Insgesamt bleibt es bei dem seit B. Duhms Ansatz gewonnenen Bilde: ein exilischer Prophet Dtrjes, dessen Botschaft relativ
früh literarisch gestaltet wird; diese Botschaft konzentriert sich auf kommendes Heil für Israel-Jakob am Orte des Zion nach
Rückkehr aus Babel, für die das gottgegebene Wirken des Kyros von Persien Voraussetzung ist. Für diese prophetische Denkwelt sind zwei »Gottesknechte« konstitutiv, die wir ursprünglich zu trennen haben: der kollektive Gottesknecht Jakob/Israel und der individuelle der vier bekannten Lieder, der mit dem Propheten Dtrjes identisch ist. Freilich gibt es in der redaktionellen Weiterarbeit fließende Übergänge dieser Größen, die mithin im literarischen Weiterbildungsgeschehen ihre Trennschärfe auch einbüßen, wobei zusätzlich noch Kyros in die Knechtsrolle hinein interpretiert werden kann, was nach H. und anderen in 49,8 f.
(und schon 42,5–9) der Fall ist (373). So interpretiert z. B. 49,7 den (zunächst individuell-prophetischen) Knecht von 49,1–6
(zweites Gottesknechtslied) als Israel (366 ff.). Hier wird deutlich erkannt, dass Bedeutungen von Texten nicht festliegen, sondern
durch neue Interpretation veränderbar (oder gar erst gewinnbar) sind. Inwieweit dabei die alte oder ursprüngliche Bedeutung
gewahrt wird, ist eine Frage, die wohl noch weiterer Diskussion bedarf. – Im Übrigen betont H. zu Recht die universalen
Implikationen der dtrjes Botschaft (vgl. bes. zu 45,22 f.; 73 ff. u. ö.) höchst energisch, auch wenn diese universalen Erwartungen
im Zusammenhang mit endredaktionellen Vorgängen durchaus auch sistiert werden können (z. B. durch 45,25; 49,8–12).

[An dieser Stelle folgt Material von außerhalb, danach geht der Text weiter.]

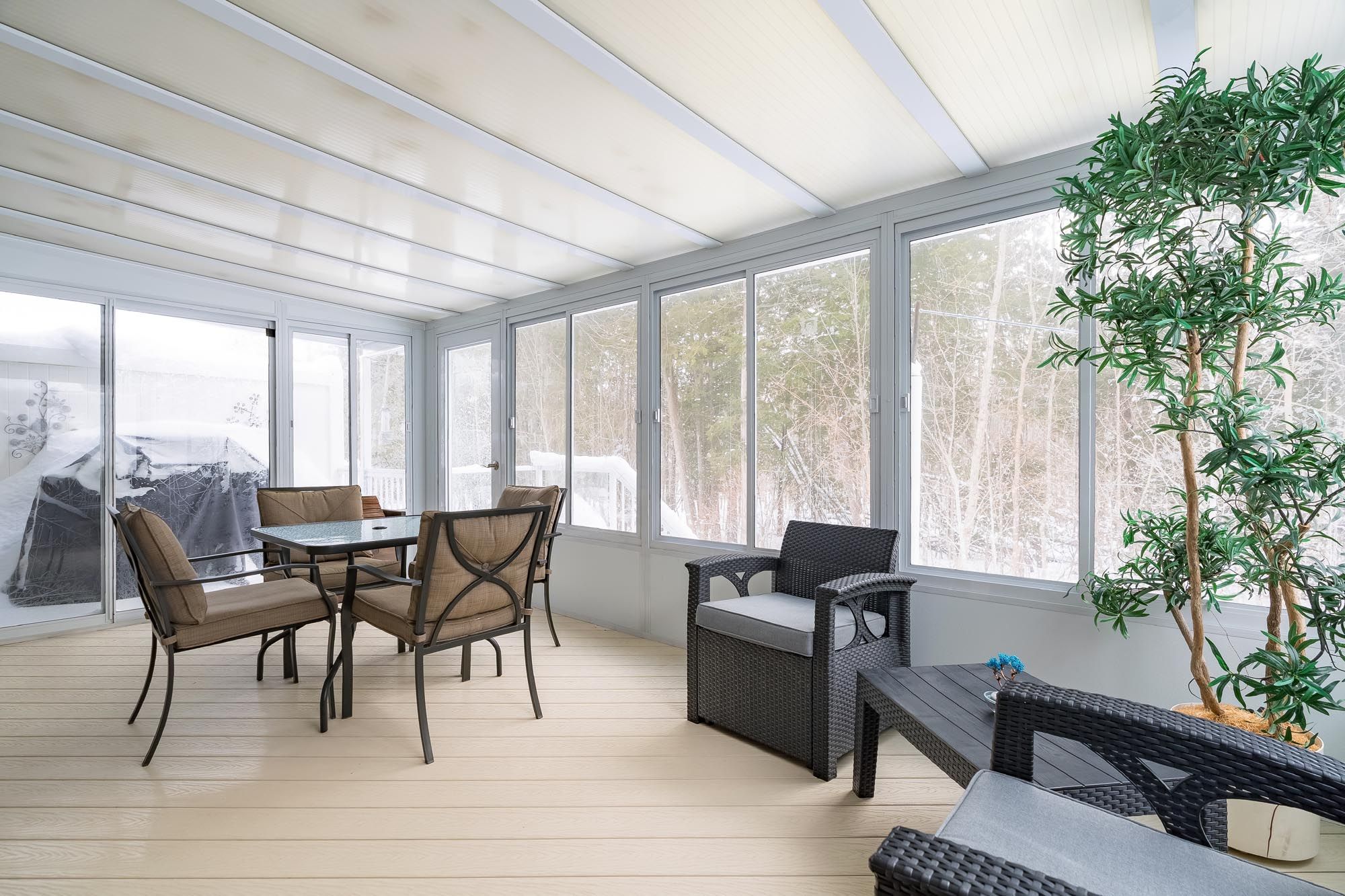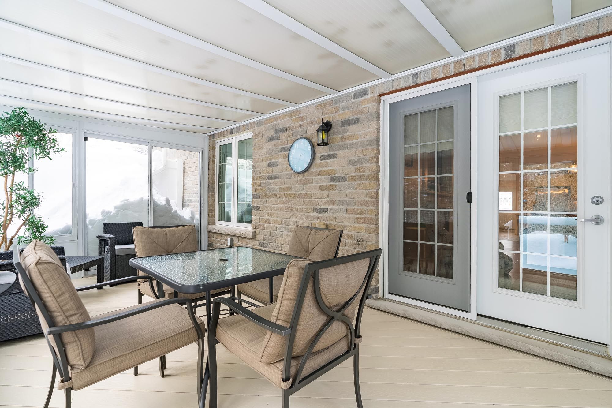 • Three-season sunroom extending living space with peaceful forest views.

Was in H.s Kommentierung unter dem Rubrum »Ziel« abschließend behandelt wird, ist im Wesentlichen eine Zusammenfassung der Auslegung zuvor, die gegebenenfalls orientiert ist an einer Scheidung von Grundtext und redaktioneller Stufe bzw. redaktionellen Stufen. Gegebenenfalls werden auch neutestamentliche Aufnahmen von dtrjes Texten angesprochen und kritisch gewürdigt. Eine Beziehung auf mehr gegenwärtige Phänomene erfolgt seltener (z. B. 122 zu Jes 46,3 f. Jochen Kleppers Lied, EKG 534 = EG 380), so dass die Stärke der Zielangabe zweifellos auf historischem Gebiete liegt.
Man kann nur hoffen und H. wie potentiellen Lesern wünschen, dass der letzte Teil des dtrjes Buchteils, also der Zionsteil
49–55, in erheblich kürzerer Zeit erscheinen kann als der hier vorliegende Teilband.